While one major aspect of the Zionist-Israeli colonial mechanism is physical, another involves the judicious and deliberate construction of a Zionist imagery system. From the earliest days of the Zionist movement, the colonisation of Palestine was described – often with the use of visual aids – in ethical, softened and euphemistic terms aligned with and constitutive of an official narrative. Discriminatory, immoral and oppressive mechanisms have been whitewashed ever since. Thus, for example, the propaganda departments of pre-Statehood institutions have instilled the narrative of "making the desert bloom", a desert supposedly empty of indigenous inhabitants, as well as the biblical ideology designed to establish the Jewish people's "historical right" to the land (Sela 2000). A prime example is the opening scene of Helmar Lerski's film Work (1935), in which the Zionist pioneer marches in a desolate and uninhabited landscape. Later on, the film describes his efforts to develop and inhabit the land, while biblical verses provide moral ground for colonisation. Erasing the pre-1948 Palestinian existence from the coloniser's mind or presenting it in a backward, "biblical" light, have laid the groundwork for the physical erasure and ethnical cleansing of the Palestinians in 1948 and thereafter.
Propaganda departments of pre-Statehood institutions gave birth to archives such as the Jewish National Fund and Keren Hayesod (United Israel Appeal), which now serve as evidence of the development of colonialism both in terms of their content and in terms of their structure (ibid). The Israeli authorities developed a sophisticated mechanism, aided by the War of 1967, that continued to structure the supposedly moral aspects of the occupation and the "historical right". Many civilian sectors – like the press, the crafts and cultural spheres – collaborated with this institutional mechanism which not only legitimised the occupation, but also sought to justify the settlement project which entered into high gear following the Arab-Israeli War of 1973 (Sela 2007).

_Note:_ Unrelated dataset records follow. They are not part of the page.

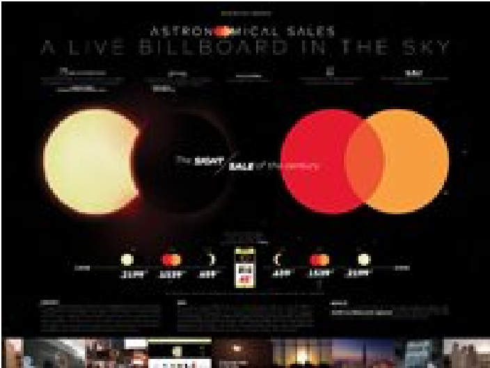
Grand Prix - Grand Prix
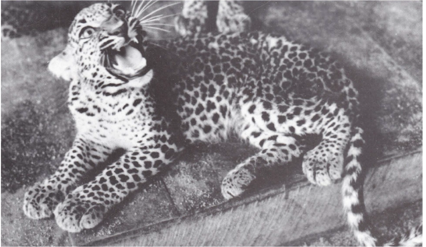
This spotted cub is in no friendly mood.
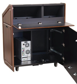
Dual Wedge/Pod Configuration S
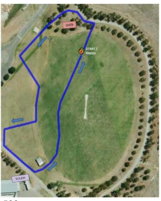
500m Under 6

Importantly, all the national archives in Israel – among them Israel State Archives, Central Zionist Archives, Jewish National Fund archive, Keren Hayesod archive and the various military archives– are but one component of a complex set of physical and discursive colonial mechanisms operating in such diverse areas as education, media, law, planning, and finance (Sela 2015).2 The effect of these mechanisms – which take part in human rights abuses, or in presenting them in a brighter or more positive light – on Palestinian and Israeli lives is destructive. Therefore, researching, exposing and criticising these mechanisms, as well as writing alternative narratives, are among the key duties of decolonial research and activism (Sela 2013).
In what follows, I focus on a limited number of examples of contemporary artistic and research activities that have a potential to write a history that subverts colonial-biased representations by using colonial archives in two ways. The first, to expose the colonial mechanism of the Israeli national archives, the second, their alternative readings. Thus the tendentious methods of colonial representation are revealed, their initial essence cracked and unofficial layers of knowledge are released. Such actions, I believe, undermine the archives' original purposes and contents and seek to unearth and decode repressed/ hidden contents (Sekula 2003; Sela 2013).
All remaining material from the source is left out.